2025-09-24 QR Factorization¶
Gram-Schmidt process
QR factorization
Stability and ill-conditioning
Intro to performance modeling
[1]:
using LinearAlgebra
using Plots
using Polynomials
default(lw=4, ms=5, legendfontsize=12, xtickfontsize=12, ytickfontsize=12)
# Here's our Vandermonde matrix again
function vander(x, k=nothing)
"""Construct the Vandermonde matrix of
"""
if isnothing(k)
k = length(x)
end
m = length(x)
V = ones(m, k)
for j in 2:k
V[:, j] = V[:, j-1] .* x
end
V
end
[1]:
vander (generic function with 2 methods)
Gram-Schmidt orthogonalization¶
Suppose we’re given some vectors and want to find an orthogonal basis for their span.
A naive Gram-Schmidt algorithm¶
[2]:
# Let's form Q and R by making each column orthonormal to all previous columns
function gram_schmidt_naive(A)
m, n = size(A)
Q = zeros(m, n) # Orthonormal basis
R = zeros(n, n) # Upper triangular
for j in 1:n
v = A[:, j] # current column to normalize
for k in 1:j-1
# We do a projection against the previous columns of Q. Why?
r = Q[:, k]' * v
v -= Q[:, k] * r
R[k, j] = r # What is this factor?
end
# Normalize and store our final v
R[j, j] = norm(v)
Q[:, j] = v / R[j, j]
end
Q, R
end
[2]:
gram_schmidt_naive (generic function with 1 method)

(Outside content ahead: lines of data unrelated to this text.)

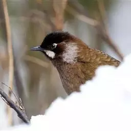 黑顶噪鹛:中型鸟类,体长24-26厘米。前额、脸、颏、喉黑色,头顶黑褐沾棕或深棕橄榄褐色,…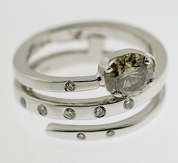 Snoet ring af 14 kt. hvidguld, prydet m. én champagnefarvet, brillantsleben diamant på ca. 1,10 ct. VS samt 8 mindre, slebne diamanter på ialt ca. 0,11 ct. Stemplet "JH 585". Str. 54 1/2.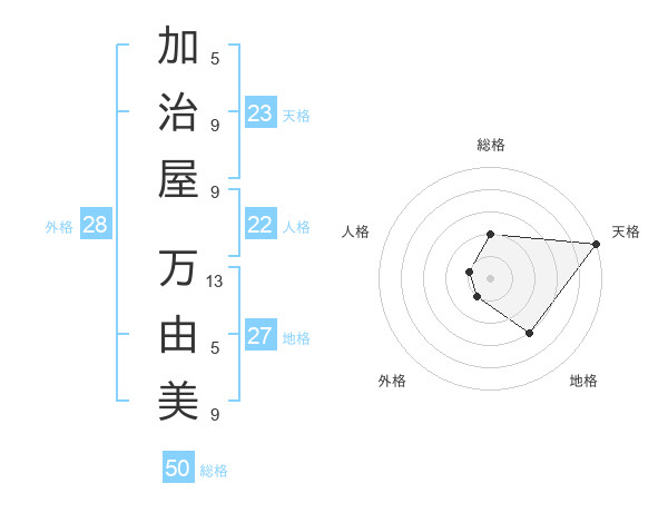 加治屋 万由美さんを姓名の画数から五運を鑑定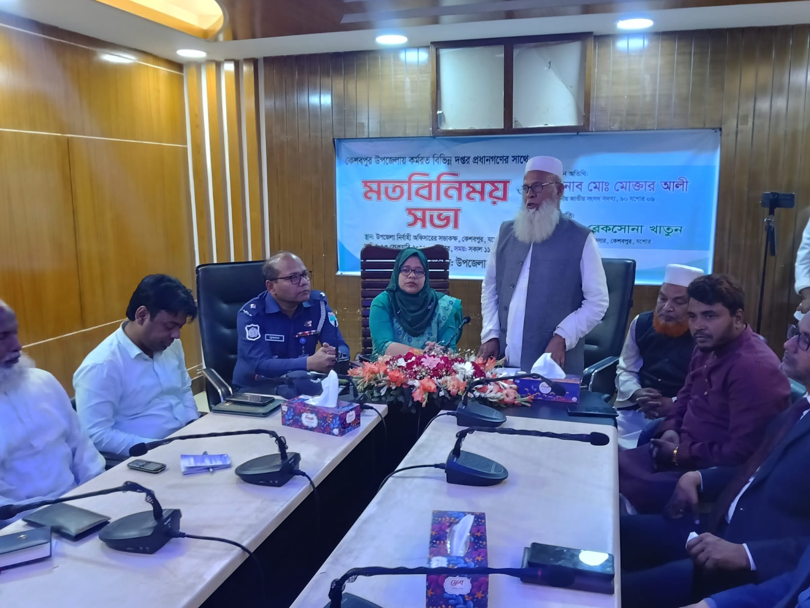 উপজেলা নির্বাহী কর্মকর্তা রেকসোনা খাতুনের সভাপতিত্বে মতবিনিময় সভায় প্রধান অতিথির বক্তব্য দেন সংসদ সদস্য মোক্তার আলী। অন্যান্যের মধ্যে বক্তব্য দেন, কেশবপুর থানার ভারপ্রাপ্ত কর্মকর্তা (ওসি) সুকদেব রায়, উপজেলা স্বাস্থ্য ও পরিবার পরিকল্পনা কর্মকর্তা ডা. রেহেনেওয়াজ , উপজেলা কৃষি কর্মকর্তা আব্দুলাহ আল মামুন, উপজেলা সিনিয়র মৎস্য কর্মকর্তা সুদীপ বিশ্বাস, উপজেলা প্রাণিসম্পদ কর্মকর্তা ডা. অলোকেশ কুমার সরকার, উপজেলা শিক্ষা কর্মকর্তা শেখ ফিরোজ আহমেদ, উপজেলা মহিলা বিষয়ক কর্মকর্তা রূপালী রানী, উপজেলা যুব কর্মকর্তা আনজু মনোয়ারা, উপজেলা সমবায় অফিসার নাসিমা খাতুন, উপজেলা নির্বাচন কর্মকর্তা কাজী মাহামুদ হোসেন, সমাজসেবা বিষয়ক কর্মকর্তা রোকনুজ্জামান প্রমুখ।

What do orthogonal polynomials look like¶
[3]:
# Let's look at 6 orthonormal polynomials
x = LinRange(-1, 1, 50)
A = vander(x, 6)
Q, R = gram_schmidt_naive(A)
plot(x, Q, legend=:none)
[3]:
What happens if we use more than 50 values of \(x\)? Is there a continuous limit?
Theorem¶
Every full-rank \(m \times n\) matrix (\(m \geq n\)) has a unique reduced \(QR\) factorization with \(R_{j, j} > 0\).
The algorithm we’re using generates this matrix due to the line:
R[j,j] = norm(v)
Solving equations with \(QR\)¶
If \(A x = b\), then \(R x = Q^T b\).
[4]:
# Let's fit a polynomial to these points
x1 = [-0.9, 0.1, 0.5, 0.8]
y1 = [1, 2.4, -0.2, 1.3]
scatter(x1, y1, label="data")
# Solving A p = y1
Q, R = gram_schmidt_naive(vander(x1, 4))
p = R \ (Q' * y1) # Using \ to solve R^-1, easy for upper triangular
@show p
plot!(x, vander(x, 4) * p, label="\$R^{-1}Q^Tb\$")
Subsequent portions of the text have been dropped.